Chronic Kidney Disease (CKD)
Introduction
Chronic kidney disease is defined as sign of kidney damage or decreased glomerular filtration with a duration of 3 months. All disease processes involving the kidney will, in principle, could lead to chronic kidney disease. Population studies have shown that over 10% of Norway's adult population suffers from chronic kidney disease. Renal failure in all stages is a strong risk factor for cardiovascular disease and death. Most patients with CKD will never find time to symptomatic kidney failure or kidney failure in end stage disease (ESRD). Since CKD is asymptomatic until advanced stages of the disease is highly dependent on actively look for at-risk individuals to detect sykdomsproseser kidneys early and thus could prevent the progression of kidney disease and cardiovascular disease episodes. Causes
The prevalence of chronic kidney disease increases with increasing age. Hypertension and diabetes are the most common causes of ESRD in the Western world, while glomerulonephritis and tubulo-interstitial diseases account for a smaller share. All disease processes that affect the kidneys including chronic diseases of other organs, may cause chronic kidney disease. A broad study including renal biopsy is therefore often necessary to determine the underlying mechanism behind the chronic kidney disease. Clinical presentation and staging
Symptoms early stage is dependent on the underlying disease. Symptoms due to reduced renal function often comes late in the course. When the GFR falls below 50-60 ml / min will apply blood deviation, while uremic symptoms often do not apply before GFR falls below 20 mL / min. Uremic symptoms are nonspecific, how asthenia, weight loss, itching and loss of appetite are the classic. To early identify patients with CKD must therefore actively look for disease in at-risk individuals. Nyresykdom stadieinndeles ut fra GFR, som kan estimeres ut fra pasientens serum kreatinin, hvor formler korrigerer for alder, kjønn og etnisitet. Hvis GFR er under 60 ml/min/1,73 m2, har pasienten nyresykdom og andre kriterier trengs ikke for å påvise nyresykdom.
Hvis GFR er over 60 ml/min/1,73 m2, må pasienten i tillegg ha andre tegn på nyreskade. I all hovedsak dreier dette seg om strukturelle avvik på UL eller patologisk proteinekskresjon i urinen.

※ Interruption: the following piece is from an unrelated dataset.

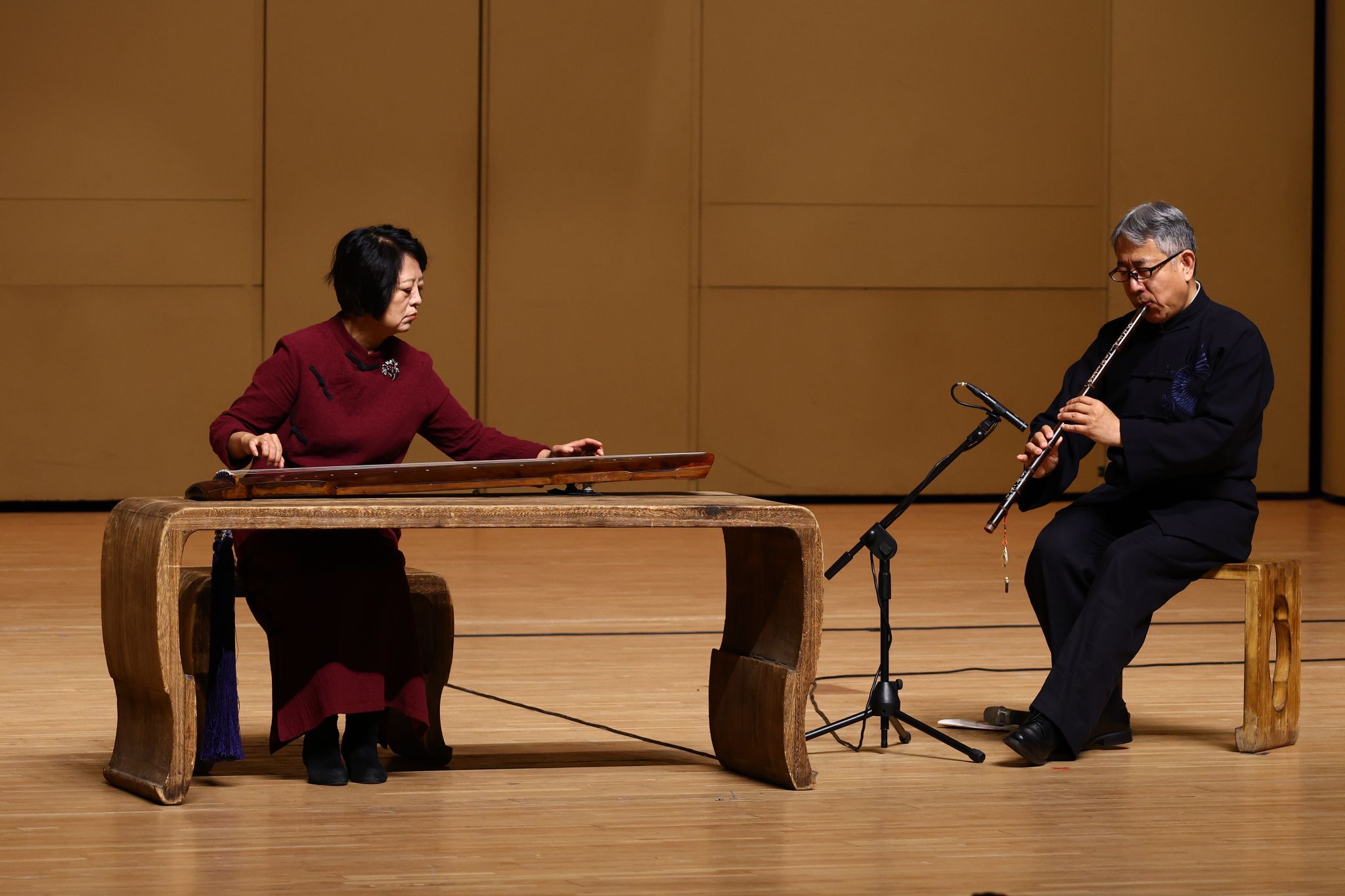 音乐会既包含古琴独奏、琴歌、琴箫等多种经典演奏形式,同时积极探索当代的表达维度。赵晓霞教授带领学生率先登台演绎古琴重奏《古怨》。该作品以姜夔的琴歌为灵感源泉,以琴、歌、箫、鼓等多重形式的结合,拓展了琴乐的织体层次与音响维度。

Å identifisere en pasient med nyresykdom er derfor enkelt og lite kostnadskrevende, serum kreatinin og urinundersøkelse med mikroskopi og albumin/kreatinin ratio vil fange det store flertallet av pasientene med nyresykdom.
Stadieinndeling:
| Stadium | GFR ml/min/1,73m2 | Beskrivelse |
| 1 | >90 | Normal nyrefunksjon, men strukturelle avvik eller urinfunn tyder på nyresykdom |
| 2 | 60-89 | Lett redusert nyrefunksjon, strukturelle avvik eller urinfunn tyder på nyresykdom |
| 3A | 45-59 | Moderat redusert nyrefunksjon |
| 3B | 30-44 | Moderat redusert nyrefunksjon |
| 4 | 15-29 | Alvorlig redusert nyrefunksjon |
| 5 | <15 | Nyresykdom i sluttstadiet |
For å bedre karakteriere pasientene benyttes suffikser etter den GFR
baserte stadieinndelingen for å indikere proteinuri, transplantatnyre
og dialyseavhengighet.
Suffikser:
| p | indikerer signifikant proteinuri > 500 mg/døgn. Proteinuri er en uavhengig risikofaktor både for progresjon av nyresykdom og kardiovaskulær risiko. Signifikant proteinuri indikerer derfor en pasient med høyere riisko enn uten proteinuri. |
| T | indikerer at pasienten har nyretransplantat. |
| D | Indikerer at pasienten er i dialyse og skiller de i
stadium 5 som er får dialyse fra de som ikke får dialyse. |
Eksempler:
Pasient med GFR 50, signifikant proteinuri: Stadium 3Ap
Transplantert pasient med GFR 50 og signifikant proteinuri: Stadium 3ATp
Course and treatment
When a patient develops CKD will GFR loss per unit time increase depending on the kidney disease he develops. Adequate treatment of the underlying disease, antiproteinurisk treatment and blood pressure treatment with correction of metabolic disorders can slow the loss of GFR. It is therefore important to early detection that measures can provide a substantial postponement of the need for renal replacement therapy and at least as important for preventing cardiovascular disease in which the risk rises abruptly by declining GFR.